India's GCC Transformation
India currently hosts approximately 2,100 GCCs, employing around 2.3 million professionals. These centers have collectively generated over $64 billion in revenue, with projections to exceed $100 billion. Dr. Nageswaran emphasized that India is home to roughly half of all GCCs globally, a scale unmatched by any other nation. What began as basic support operations has matured into environments where significant global decisions are now formulated, reflecting a shift from mere cost-effectiveness to high-value capability generation.
AI's Dual Impact on Jobs
Addressing concerns about artificial intelligence (AI) impacting employment, Nageswaran acknowledged that roles involving routine, repetitive, and rule-bound tasks are indeed susceptible to automation. He stated, “The work that was routine, repetitive and rule-bound is exactly the work that AI does most easily and most cheaply.”
However, he also presented a more nuanced view, arguing that India's GCC ecosystem has largely progressed beyond such basic work. He stressed that AI's deployment necessitates a new wave of professionals skilled in designing, developing, testing, and governing AI systems. According to Nageswaran, “Artificial intelligence does not build, deploy or govern itself. Someone has to design these systems.” Therefore, AI is not merely a disruptor but also a creator of new, higher-value opportunities within well-managed GCCs, while those that fail to adapt risk falling behind.
Bridging the Employability Gap
Nageswaran also called for enhanced collaboration between government, industry, and academia to tackle India's employability challenge.

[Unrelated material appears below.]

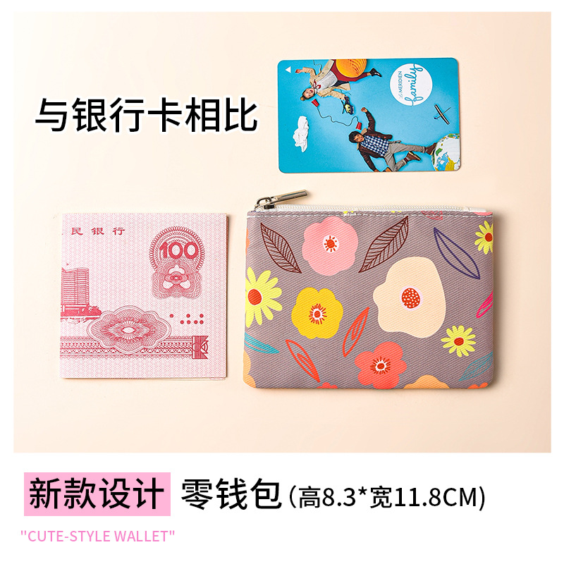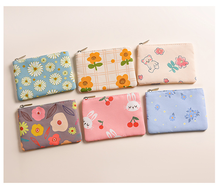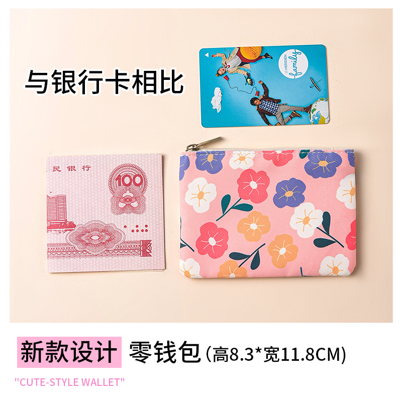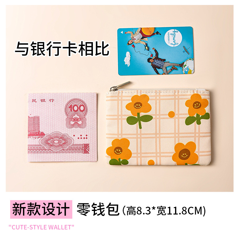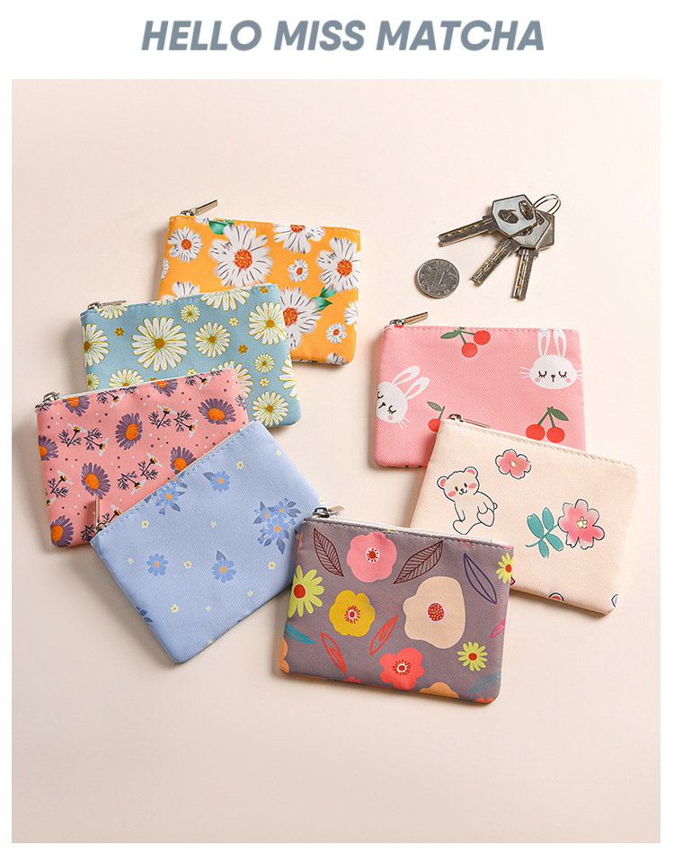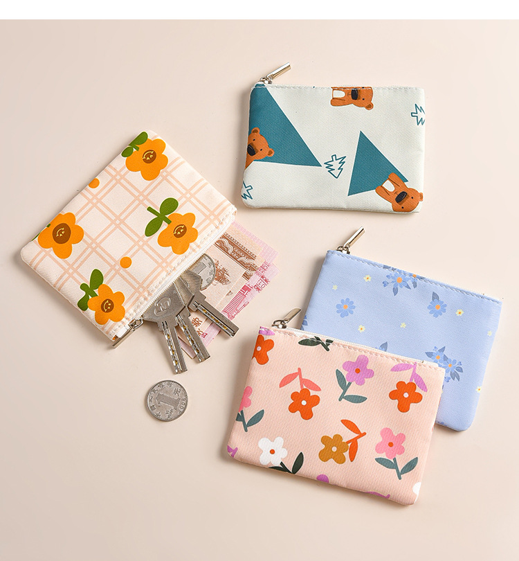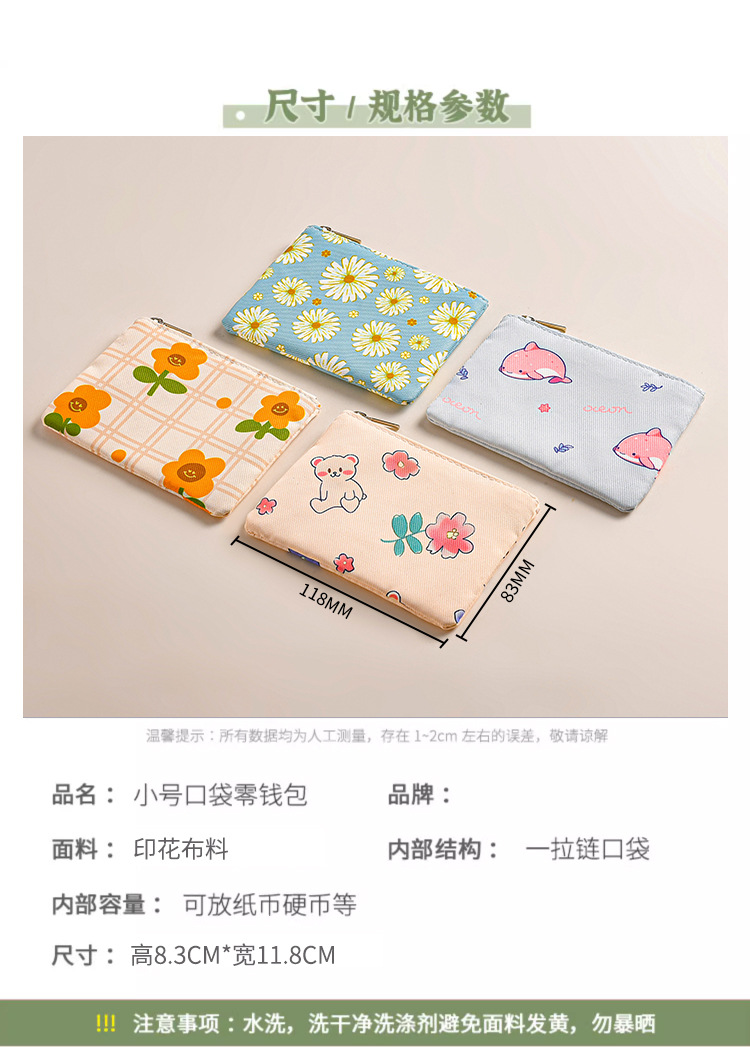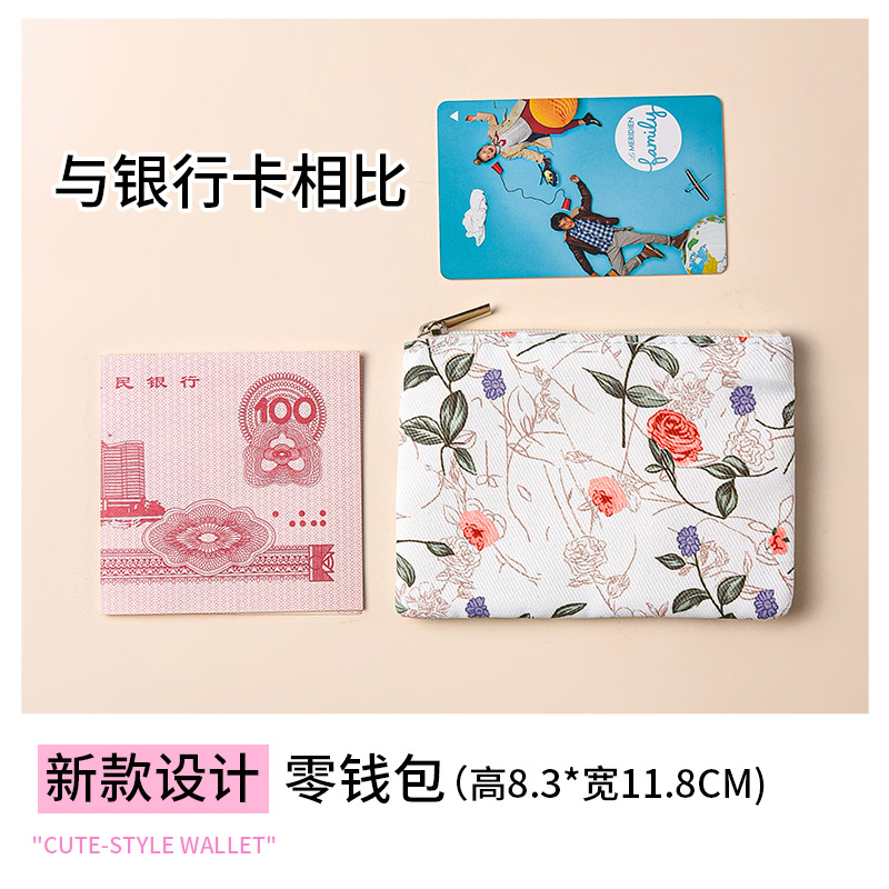 미니 포켓 지갑 작은 신선한 캔버스 꽃 패브릭 카드 홀더 지퍼 동전 지갑 학생 동전 보관 가방

Despite a large number of graduates entering the workforce annually, only about half are considered job-ready from day one. He articulated that while the government's role is to establish supportive policies and infrastructure, the industry must take the lead in driving innovation and fostering a skilled workforce. “Government can build the runway. It cannot fly the plane,” he concluded, underscoring the shared responsibility in advancing India's economic capabilities.